- Domingo passado, 8 de fevereiro de 2009, feliz da vida, fui fazer mais um treino sério, como sempre treino.
Alex, Gustavo de Goiânia, Felipe Aragão, Fernando e Eu nos encontramos em um ponto, em Sobradinho, para fazermos um percurso, que poderá até ser o percurso da prova Pedal na Serra desse ano.
Saímos socando a bota. Houve até comentário - me disseram que era um treino light e agora vocês socam a bota.

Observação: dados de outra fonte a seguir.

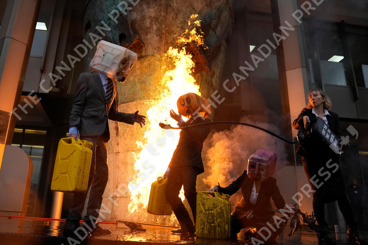 Ocean Rebellion demonstrators protest outside the International Maritime Organisation against the use of fossil fuels in the shipping industry, in London, Monday, Nov. 21, 2022. (AP Photo/Alastair Grant)

Coisa de DNA.
Descemos o “oito-e-meio” na tora e fomos embora, cada um no vácuo do outro, sem afrouxar o ritmo. Eu, é claro, era o elo mais fraco da corrente. Cinquenta e oito anos contra vinte e seis é covardia. Mas como não me importo com esse negócio de idade biológica, pedalava com todas as minhas forças.

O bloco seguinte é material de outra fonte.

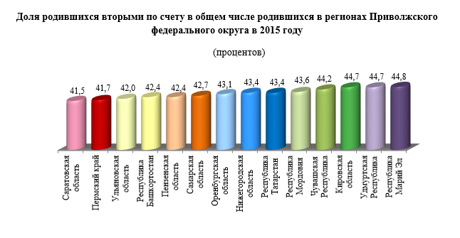 Сложившийся уровень рождаемости в последние годы в значительной мере связан и с государственными мерами поддержки стимулирующего характера и рядом социальных и экономических факторов сегодняшнего и завтрашнего дня. Программа «Материнский капитал», изначально рассчитанная на 10-летний период, заканчивается 31 декабря 2016 года. Прекращение действия данного механизма может негативным образом отразиться на уровне рождаемости. Осознавая социальную значимость данного вида государственной поддержки, Правительство изыскивает возможности продления действия программы[5]. В Прикамье в целях улучшения условий и повышения качества жизни населения принимаются специальные меры стимулирования рождаемости – это и развитие системы пособий в связи с рождением и воспитанием детей, обеспечение потребности семей в услугах дошкольного образования, доступность жилья для семей с детьми и т.п. На территории края в прошедшем году реализовывались целевые программы «Семья и дети Пермского края на 2011-2015 годы», «Обеспечение жильем молодых семей в Пермском крае», «Здоровье», «Молодежь Прикамья», «Развитие физической культуры, спорта, туризма и здорового образа жизни на 2011-2015 годы» и другие. В результате воплощения в жизнь механизмов по стимулированию рождаемости в последние годы все больше семей решается на рождение второго (или последующего) ребенка. Так, в анализируемом году число родившихся вторыми по счету детей составило 41,7% в общем числе новорожденных, в то время как в 2014 году таковых было 40,5%, в 2013 году – 38,8%, в 2012 году – 37,6%, а в 2011 году – 26,6%. Однако, в сравнении с другими субъектами, входящими в Приволжский федеральный округ, этот показатель в Прикамье не так уж и высок. Нужно отметить, что доля детей, родившихся вторыми по счету, выросла в сравнении с 2014 годом во всех субъектах ПФО[6].

Lá na frente, descendo o Mogi, depois de uma virada de noventa graus à direita, tomei a dianteira numa estrada estreita e pedregosa. A pista era em descida suave e sinuosa. Estava de última marcha a uns quarenta por hora, de cabeça baixa, girando forte. Quando vi, a uns vinte metros à frente, uma certa de arame farpado de cinco fios com o colchete fechado cruzando a pista, na entrada da trilha, só deu tempo para o reflexo. Ainda bem que eu estava com a bike de competição que tem rodas de cerâmica e pastilhas de freio do mesmo material. Quando freia a coisa para. Mas para mesmo. Foi a sorte. Freei fortemente. Ela levantou a bunda e eu caí de ponta-cabeça. Parei à cinco metros da cerca. O capacete partiu. A bermuda rasgou. O Cateye quebrou a base. O óculos encheu de terra. O ombro direito bateu com muita força no chão e a coxa direita, na altura da cabeça do fêmur, ficou em carne viva, e outros pontos de contusão de menores proporções.
Todos os outros ciclistas conseguiram parar antes de passarem por cima de mim e darem o golpe de misericórdia.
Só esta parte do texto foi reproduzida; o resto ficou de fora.